Ed è già venuto il turno per Francesco Messineo al quale il consiglio superiore della magistratura muove una serie di accuse così gravi da indurre la prima commissione a iniziare la procedura di trasferimento d’ufficio per incompatibilità. Lo accusano di aver fatto sfumare la cattura di Matteo Messina Denaro “per difetto di coordinamento all’interno dell’ufficio della procura“, come vuole l’accusa del pm Leonardo Agueci, fatta propria dal Csm. Una vera e propria questione di lana caprina perché stabilire lo standard di qualsiasi coordinamento è questione opinabile che dipende da una personale professionalità e correttezza. Un tallone d’Achille che se dovesse essere applicato a tutti i dipendenti dello Stato potrebbe mandare a casa il 90% dei dipendenti, e qualcosa in più dei dirigenti.

Tutti sanno che la vera “incolpazione” di Messineo, non considerando la richiesta di archiviazione di qualche altro caso che lo riguarda, è quella di avere avuto buoni rapporti con gli altri magistrati del suo ufficio e soprattutto con Antonio Ingroia, costretto a un’autodifesa solitaria impotente e fatto oggetto persino di derisione. Fino alla scelta dell’autoesclusione dalla stessa magistratura, come ultima chance per salvaguardare la propria salute fisica e morale. È il massimo, per un magistrato che da sempre ha lottato contro la mafia a viso aperto, che solo la dittatura di Pinochet o di Videla avrebbero così sottilmente messo in atto.

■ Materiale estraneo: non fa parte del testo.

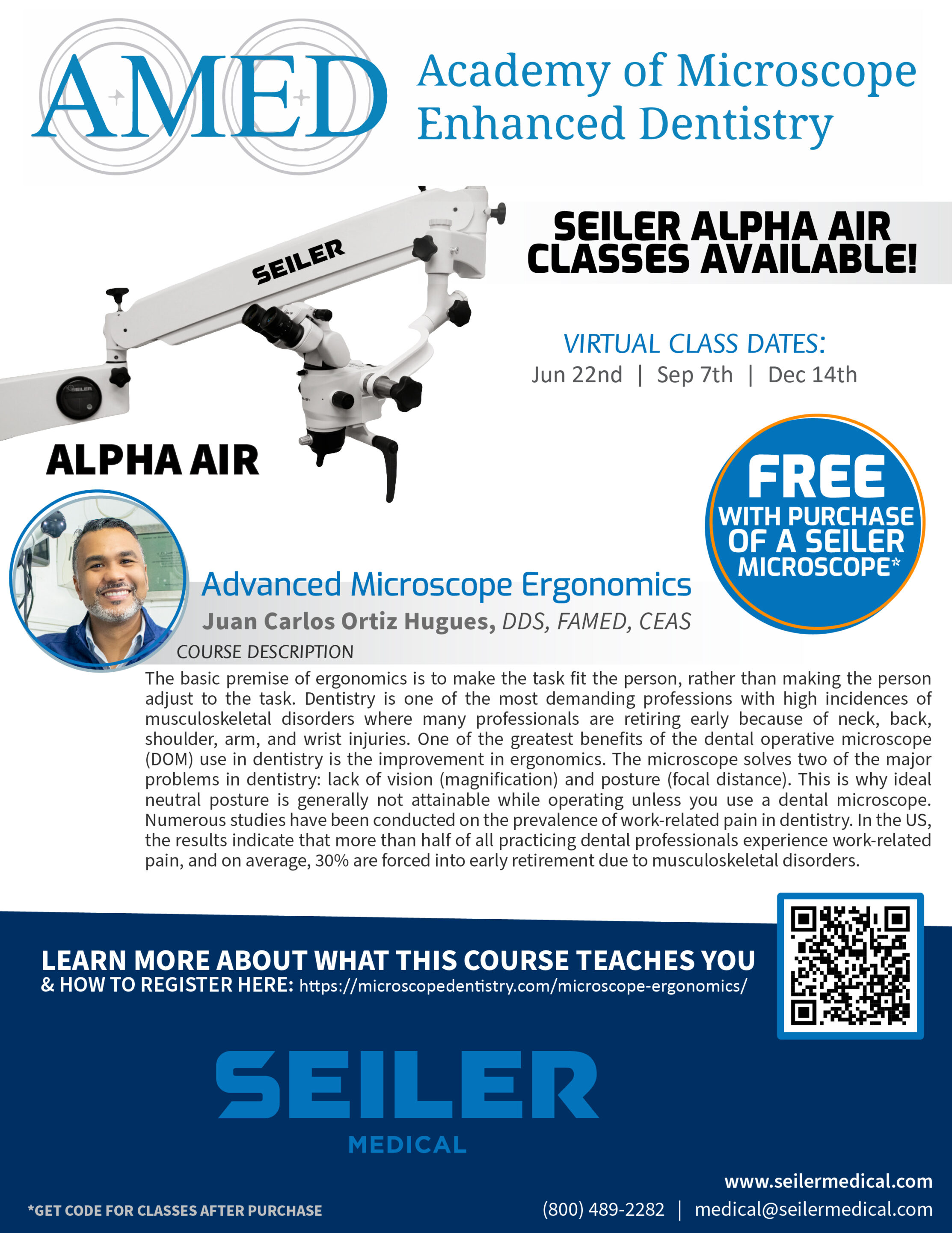 For a limited time, purchase a new dental microscope from Seiler Medical and get a free OHI-S training course “Microscope Ergonomics for Minimally Invasive Work Protocols” by Dr. Arguets & Dr. Coraini.

L’amara evidenza sorge spontanea. In questa Italia che va in malora, chi combatte per la legalità e per la verità è punito e chi detiene le redini del potere è premiato anche quando buon senso vorrebbe che anche sul suo operato i cittadini ci vedessero chiaro.

La trattativa Stato-Mafia è vecchia quanto la storia dell’Italia monarchico-repubblicana. Da quando, in vista dello sbarco angloamericano, fu stabilito il preciso ruolo che avrebbero giocato le famiglie mafiose nelle operazioni di intelligence necessarie a preparare l’Operazione Husky. E come è dimostrato dalla trattativa tenuta dagli alti vertici dell’Arma dei Carabinieri con la banda di Salvatore Giuliano per abbattere la democrazia nascente, dopo il crollo del fascismo e la vittoria delle forze popolari e repubblicane nel referendum del 2 giugno 1946.

Il maresciallo Giuseppe Calandra lo conferma nei suoi manoscritti, quando dichiara di aver ricevuto una lettera di un suo superiore con la quale lo si informava del fatto che si era costituito un Fronte dei Reali Carabinieri destinato ad abbattere anche con le Armi il comunismo. È da quegli anni che comincia la storia della trattativa. Fingere di non saperne nulla è segno di complicità e di inqualificabile omertà.